Consumi: La crisi della quarta settimana

14/06/2004


      DOMENICA 13 GIUGNO 2004
       
      Pagina 15 – Economia
       
      I CONSUMI
      La crisi della quarta settimana
      spesa in calo del 9% a fine mese

      Acquisti alimentari regolarmente tagliati secondo il 71 per cento dei negozianti
      Per quasi la metà degli intervistati è una tendenza recente legata a difficoltà finanziarie
      Un commerciante su 10 denuncia riduzioni anche di generi di prima necessità

      ANDREA MONTANARI

      MILANO – Cresce il numero delle famiglie italiane, anche del ceto medio, che fanno fatica ad arrivare alla fine del mese e che per questo motivo quando arrivano all´ultima settimana sono costrette a rinunciare all´acquisto anche di beni di prima necessità come il pane e il latte.

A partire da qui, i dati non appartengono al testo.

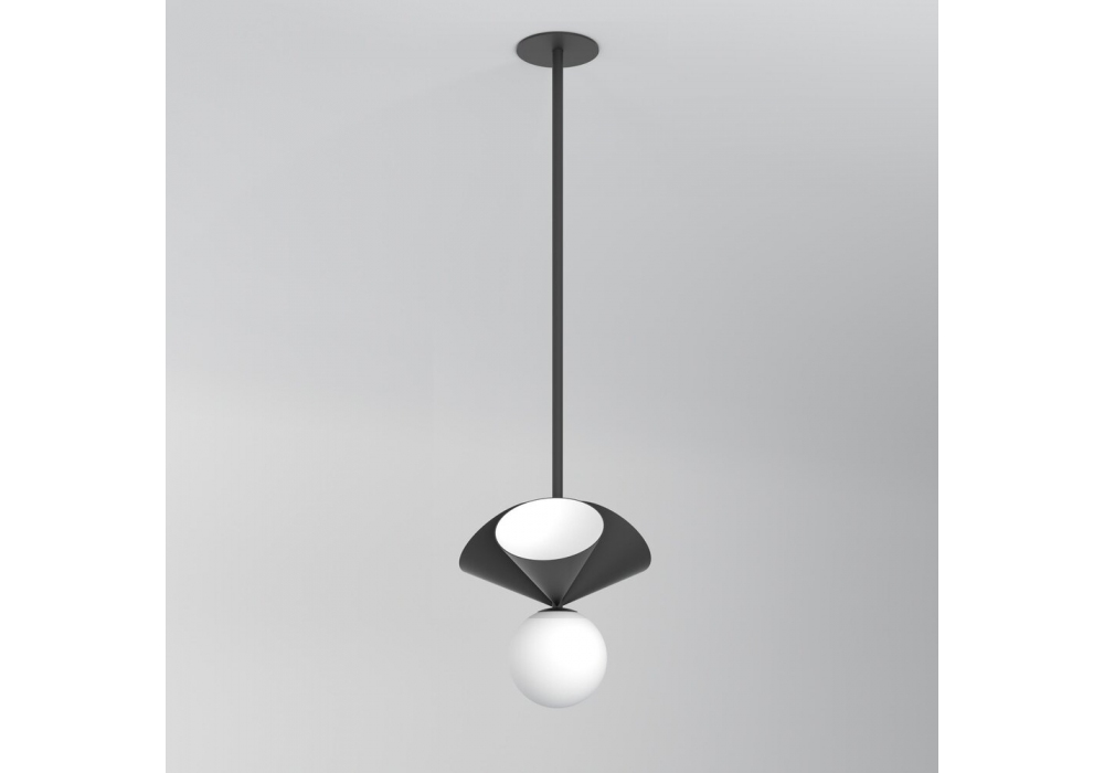 Globe with three Cones designed by Atelier Areti is a pendant lamp characterized by a tube and attachment available in brushed brass or black painted. Black cones with white reflector.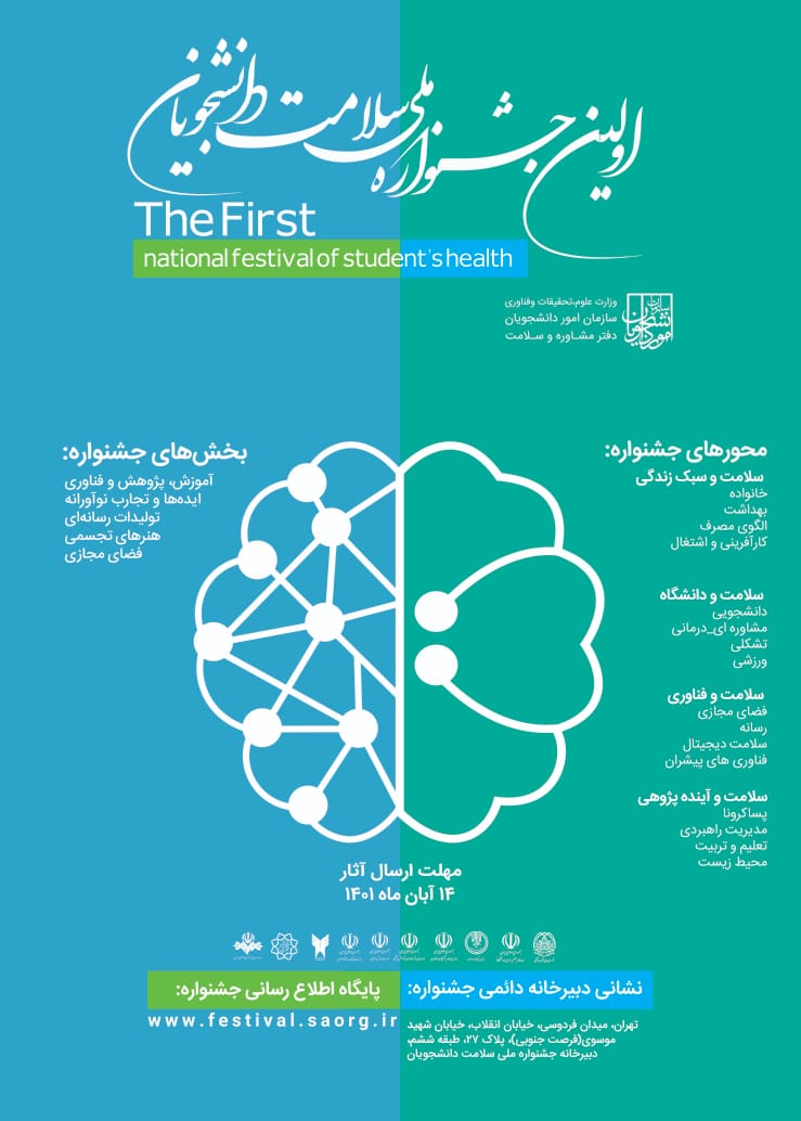 دفتر مشاوره و سلامت سازمان امور دانشجویان در نظر دارد اولین جشنواره ملی سلامت دانشجویان ایران را با مشارکت دانشجویان از تمامی دانشگاه های سراسر کشور برگزار نماید. لذا از کلیه دانشجویان علاقمند به حوزه سلامت دعوت می شود آثار خود را حداکثر تا تاریخ 14 آبان 1401 به دبیرخانه جشنواره ارسال نمایند.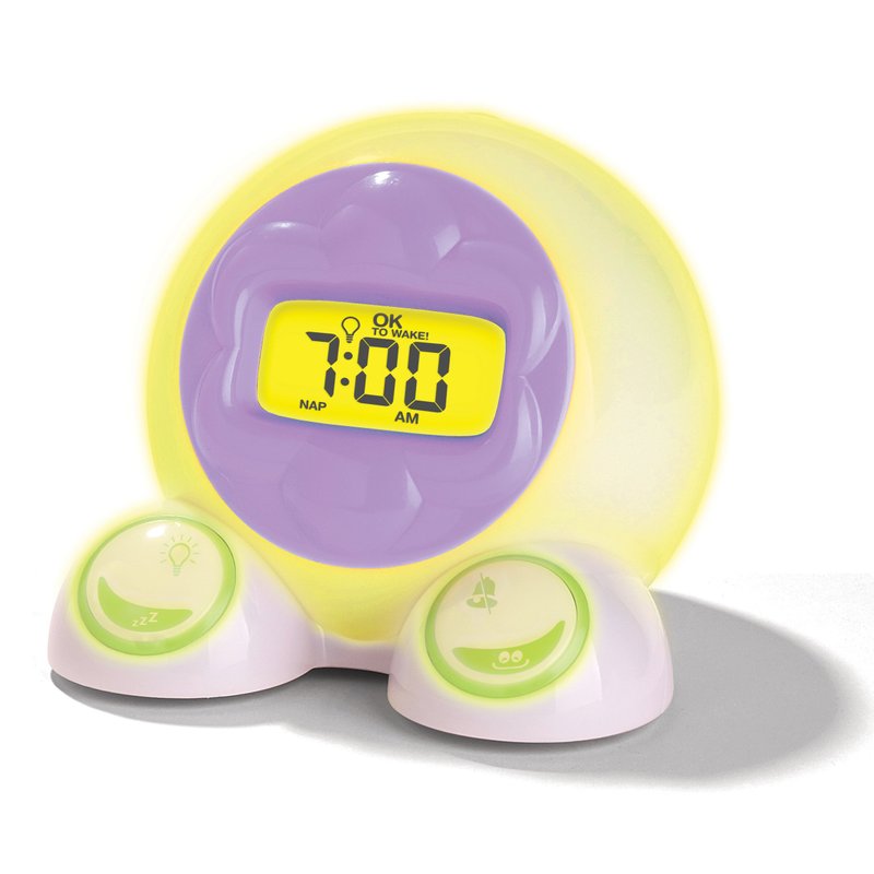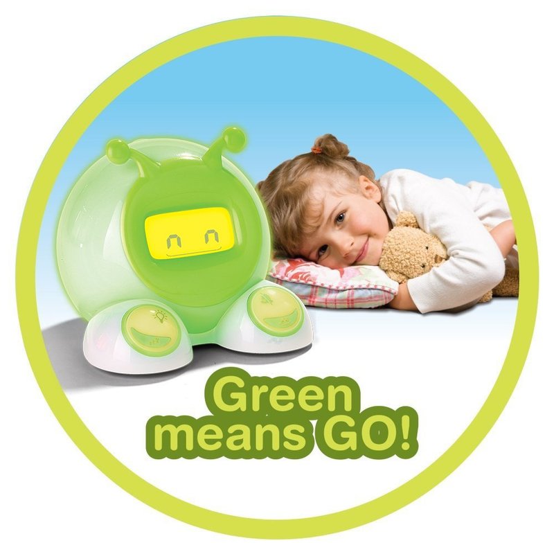- 4.5" bedside clock with soft yellow night-light glows green when it's OK for your child to get out of bed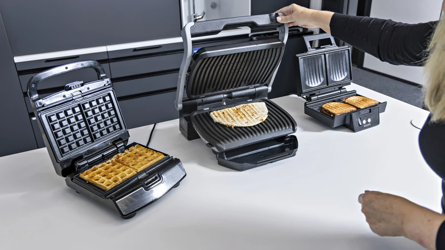 Küpsetusplaatide vahetamisega võib tavalise grilli muuta hoopis vahvliküpsetiks. Tefal Snack Collection grilliga tulevad kaasa kaks erineva profiiliga küpsetusplaati. Kolmnurksete võileibade kõrval saab grillil valmistada ka Belgia stiilis vahvleid. Lisaks on seadmele saadaval erinevate profiilidega plaadid, mille hind jääb paarikümne euro juurde. Teisalt aga maksab Tefal koos kahe lisaplaadiga kaks korda rohkem Krupsist, ent seadmete põhifunktsionaalsus on tegelikult sama.

Lo conferma una ricerca della Camera di commercio di Milano, che ha interpellato i negozianti di alimentari del capoluogo lombardo. Secondo il 71 per cento degli intervistati, nell´ultima settimana del mese, gli acquisti di alimentari si riducono di quasi il nove per cento rispetto a quella precedente. Se per circa un terzo dei negozianti questo fenomeno non è una novità, per quasi la metà di coloro che hanno risposto alla ricerca (il 48,3 per cento) il calo, invece, è un fenomeno recente, da collegare «alle difficoltà economiche dei consumatori».
      I primi prodotti alimentari ai quali le famiglie rinunciano sono quelli di seconda necessità a lunga conservazione come tonno, piselli in scatola, patatine pronte, bibite e lo scatolame in genere. Ma c´è un undici per cento di negozianti secondo cui a fine mese la gente rinuncia anche ai generi di prima necessità freschi come pane e latte, zucchero, olio e verdura. Dati che fanno riflettere se si tiene conto che riguardano una città ricca come Milano. E che sul consumo del latte sono in linea anche con la tendenza riscontrata a livello nazionale dai dati Ismea-Nielsen fatta per la Coldiretti. Un fatto che non si spiega solo con il calo delle nascite e le mutate abitudini alimentari degli italiani se persino il presidente della Granarolo ammette che da un po´ di tempo le vendite di latte del suo gruppo calano nell´ultima settimana di ogni mese. «La crisi dei consumi è preoccupante – spiega Luciano Sita – perché deriva non solo da una situazione economica difficile del Paese, ma da uno stato di sfiducia, timore e incertezza dei consumatori. Per rilanciare i consumi non basta diminuire le tasse, ma più liberalizzazioni e politiche tariffarie più adeguate».
      Questi dati preoccupato anche Sergio Brighenti di Federconsumatori: «Si tratta di una vera e propria sindrome della quarta settimana. Anche la grande distribuzione ammette che a fine mese gli acquisti calano in media dell´8 per cento». D´accordo anche la Confesercenti. «È un campanello di allarme – sostiene il presidente provinciale Gianbruno Barbieri – «A noi risulta che la contrazione degli acquisti inizi addirittura a metà mese. Le vendite si bloccano fino al giorno in cui arrivano le buste paga».
      Secondo il vice presidente dell´Unione del commercio di Milano Renato Borghi questo fenomeno non va drammatizzato. «È indubbio che il reddito disponibile delle famiglie stenti a crescere, ma credo che la fase peggiore sia passata. Non è un momento brillante, ma non giova a nessuno questa enfasi troppo pessimistica».